Donoghue aptly comments that Eliot's words here "remain as bizarre as Mallarme's." But then he goes to work. "The authority of these lines is so unquestionable, yet so irregular, that commentary seems defeated," he observes. He notes that some have identified "death's dream kingdom" with the lost souls in Canto III of the Inferno. The "eyes that do not appear may be those of Beatrice, prefigured by the sunlight on a broken column. If that is true, the passage may enact a moment of will, only incipiently achieved but corresponding to the movement from Inferno through Purgatorio to Paradiso."
Plausible enough.
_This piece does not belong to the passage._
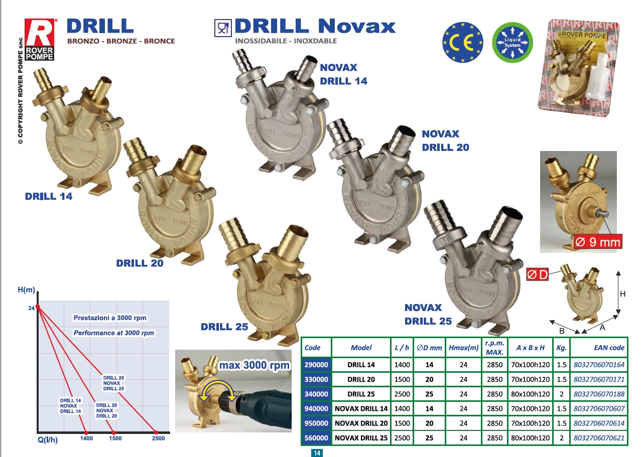 Amplia gama-los mejores precios de Bombas para Trasiego Bombas autoaspirantes de bronce con sujección cilíndrica de Ø 8/9 mm para taladro aptas para el trasvase de líquidos limpios como agua. vino, gasóleo, aceite-mezclas. donde no sea necesario respetar especificaciones particulares.
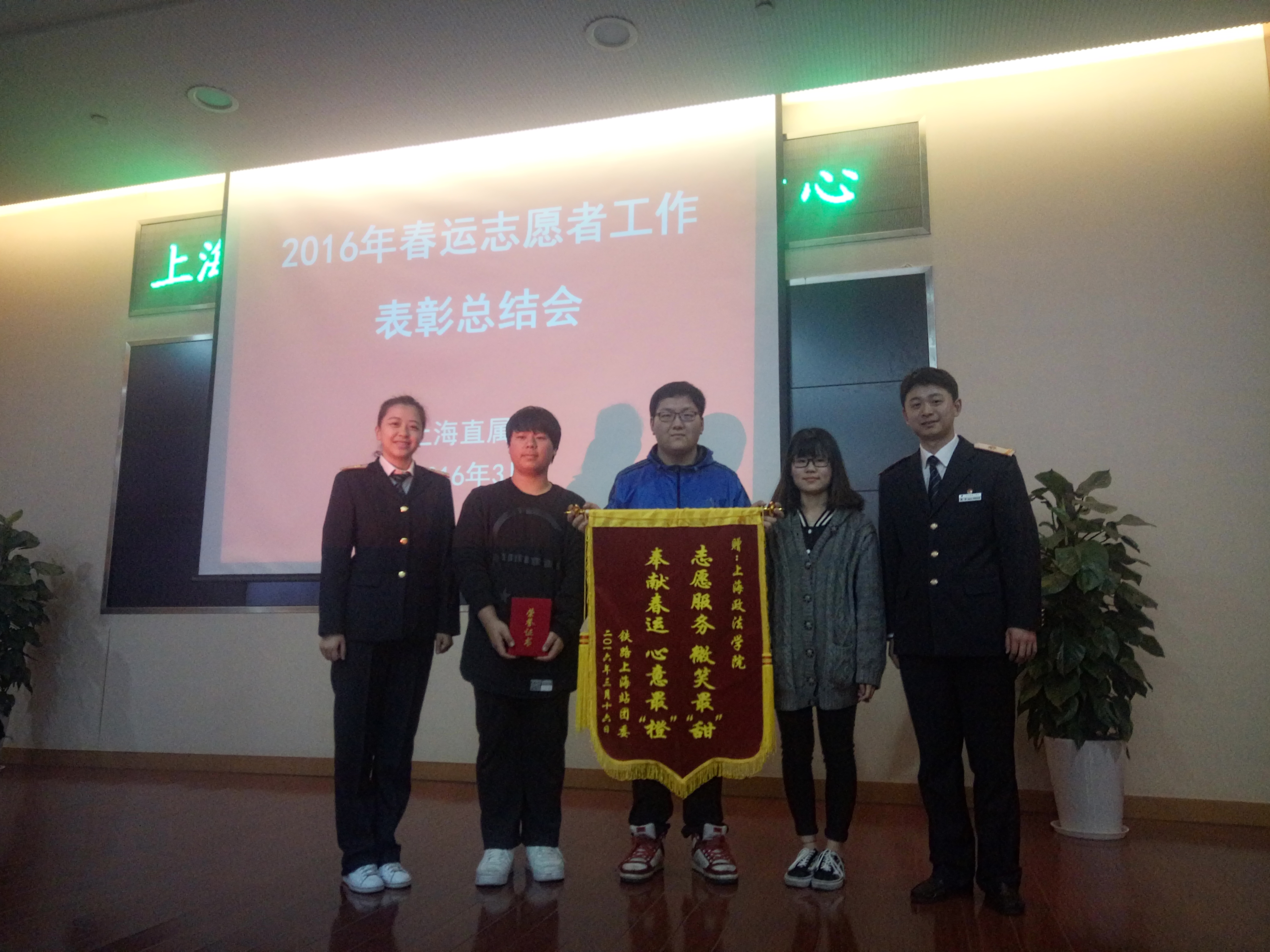 3月16日下午,上海铁路局上海站2016年春运志愿者工作总结表彰会在上海火车站会议室召开。由校团委主办,高职学院团总支承办的上政春运志愿者服务队以认真负责的态度、吃苦耐劳的精神、热心周到的服务得到了铁路上海站的充分肯定。

But Donoghue concludes that the authority of the passage is a verbal authority. It has to do with rhymes and slant rhymes that connect "dare" and "appear," "are" and "star," "column" and "solemn," "swinging" and "singing"; the alliteration of "dare" and "death's dream kingdom," "This" and "There"; the repetition of "There" and "Eyes." Such verbal procedures create the authority-impossible to reject-of a kind of incantation.
"That 'eyes are sunlight on a broken column,'" writes Donoghue, "can be true only according to a logic of imagination or association as distinct from a logic of reason . . . The whole effect is of figures seen in a dream in which one state moves into another without syntactical intervention." This is brilliant and convincing. Donoghue says that the "I" in the passage is an unidentifiable pronoun, certainly a defensible view. "I" may be a "hollow man." Perhaps, however, "I" is the pilgrim of The Waste Land, the man who has in his bones the civilization of Europe from Homer through the present, and who here has moved beyond the wasteland.
Donoghue does very well, to be sure, with the great familiar texts. But there are two short poems of Eliot's that he is able to bring forward into major status: the early "La Figlia Che Piange" (The Weeping Girl) and the Ariel poem "Marina." He immensely enriches one's sense of both. He does not-but I am inclined to-associate the emotions of "La Figlia" with Emily Hale, the elegant young Boston woman with whom Eliot began an intense but mysterious relationship around 1912. She reappears at the beginning of "Burnt Norton" and was devastated when Eliot failed to marry her after the death of his first wife Vivienne. He burned her letters to him; his letters to her, more than a thousand, will remain sealed at Princeton until well into the present century.